_EXERCISE AIM_: The lines to transcribe begin with the one containing "当前位置:驻马店网络问政 > 政务要闻" and end with the last line below; reproduce them exactly, without the pictures.
####################
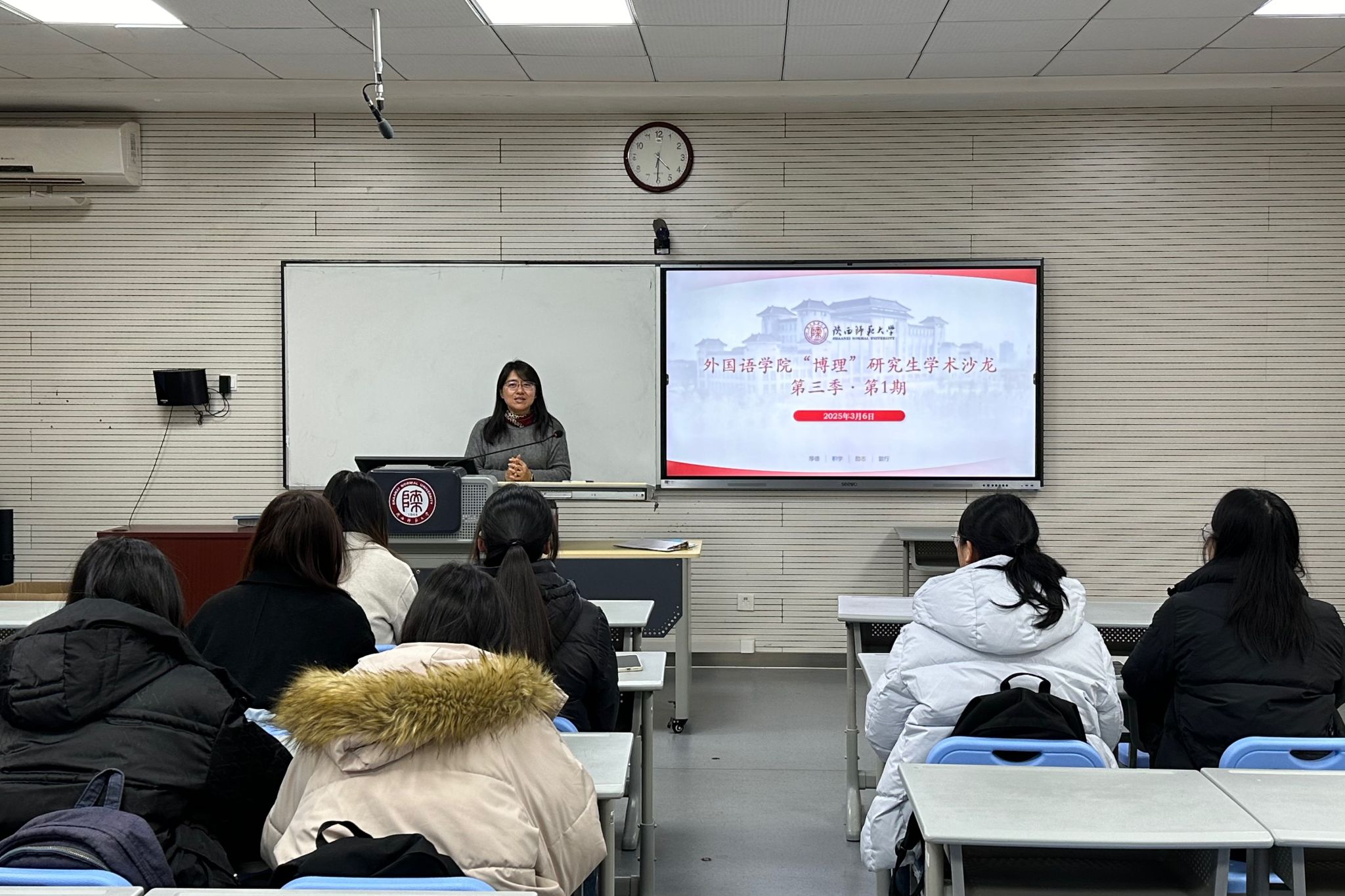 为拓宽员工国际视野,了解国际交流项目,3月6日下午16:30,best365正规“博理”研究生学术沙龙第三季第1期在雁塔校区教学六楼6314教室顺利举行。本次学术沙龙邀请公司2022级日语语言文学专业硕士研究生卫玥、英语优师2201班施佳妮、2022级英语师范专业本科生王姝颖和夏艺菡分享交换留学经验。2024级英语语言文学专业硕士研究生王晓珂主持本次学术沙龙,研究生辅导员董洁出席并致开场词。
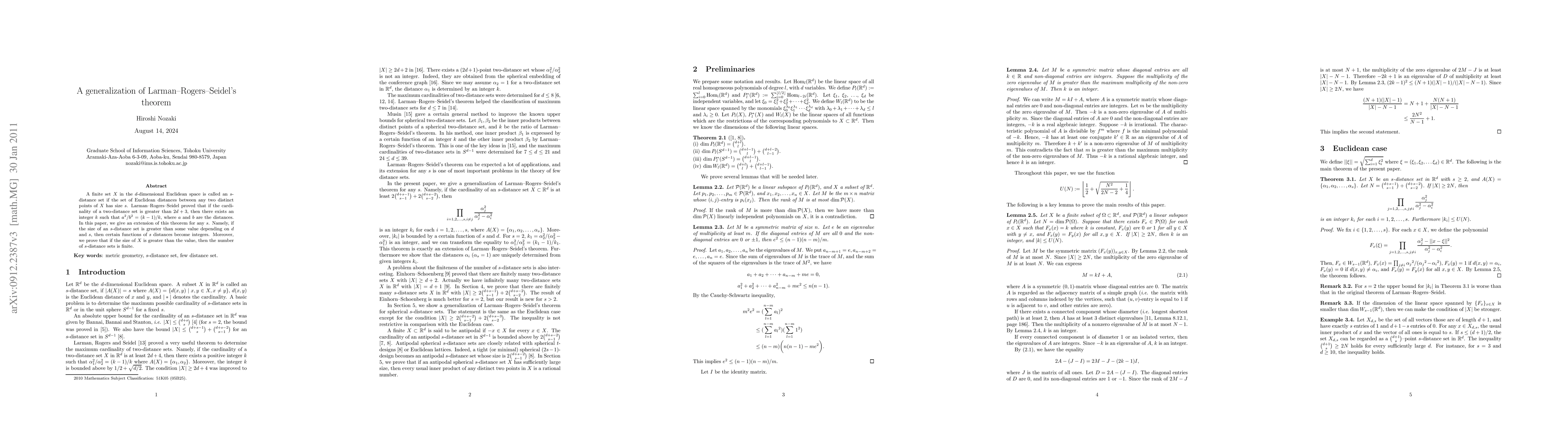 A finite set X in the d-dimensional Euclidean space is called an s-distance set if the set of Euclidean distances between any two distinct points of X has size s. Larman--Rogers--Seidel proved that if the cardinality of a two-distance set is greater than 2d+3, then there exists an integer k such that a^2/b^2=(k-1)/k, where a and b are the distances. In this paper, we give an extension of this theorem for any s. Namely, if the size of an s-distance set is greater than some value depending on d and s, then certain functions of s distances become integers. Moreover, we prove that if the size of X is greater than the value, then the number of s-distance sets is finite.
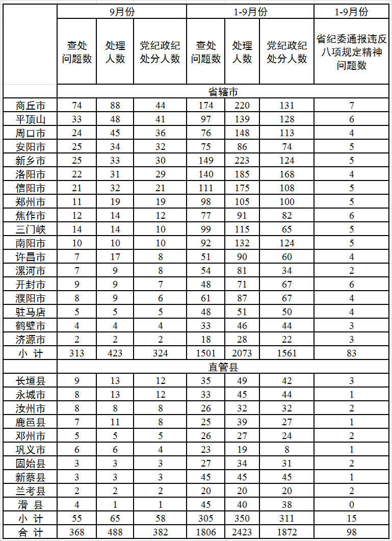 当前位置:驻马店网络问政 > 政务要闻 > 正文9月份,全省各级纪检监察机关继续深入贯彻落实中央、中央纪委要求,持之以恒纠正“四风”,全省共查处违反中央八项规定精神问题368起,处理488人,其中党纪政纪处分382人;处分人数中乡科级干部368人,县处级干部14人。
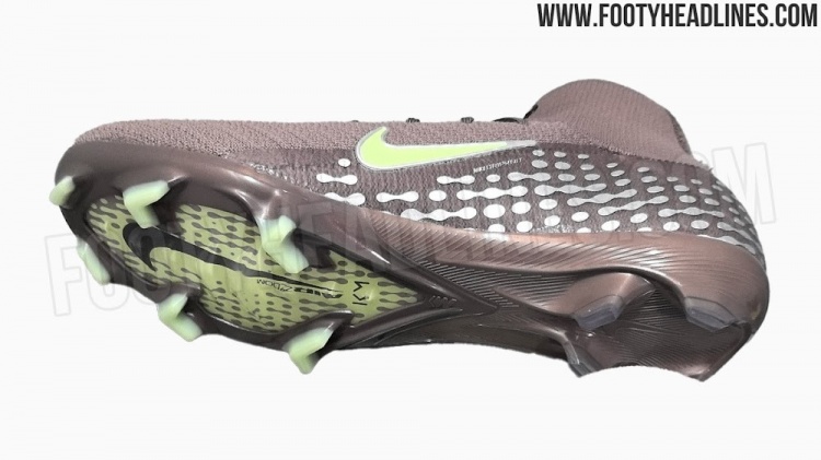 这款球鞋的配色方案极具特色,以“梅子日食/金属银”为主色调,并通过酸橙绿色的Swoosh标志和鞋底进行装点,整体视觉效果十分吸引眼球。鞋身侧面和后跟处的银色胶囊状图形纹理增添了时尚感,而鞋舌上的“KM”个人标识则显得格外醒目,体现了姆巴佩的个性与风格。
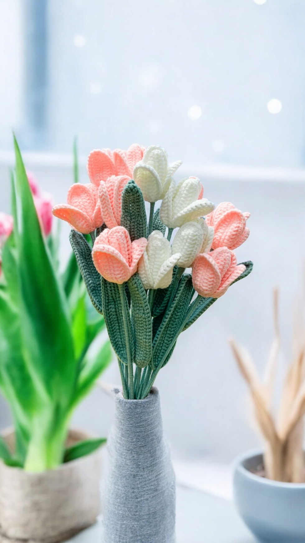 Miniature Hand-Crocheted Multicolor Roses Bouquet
####################
_ANSWER_:
 当前位置:驻马店网络问政 > 政务要闻 > 正文9月份,全省各级纪检监察机关继续深入贯彻落实中央、中央纪委要求,持之以恒纠正“四风”,全省共查处违反中央八项规定精神问题368起,处理488人,其中党纪政纪处分382人;处分人数中乡科级干部368人,县处级干部14人。
 这款球鞋的配色方案极具特色,以“梅子日食/金属银”为主色调,并通过酸橙绿色的Swoosh标志和鞋底进行装点,整体视觉效果十分吸引眼球。鞋身侧面和后跟处的银色胶囊状图形纹理增添了时尚感,而鞋舌上的“KM”个人标识则显得格外醒目,体现了姆巴佩的个性与风格。
 Miniature Hand-Crocheted Multicolor Roses Bouquet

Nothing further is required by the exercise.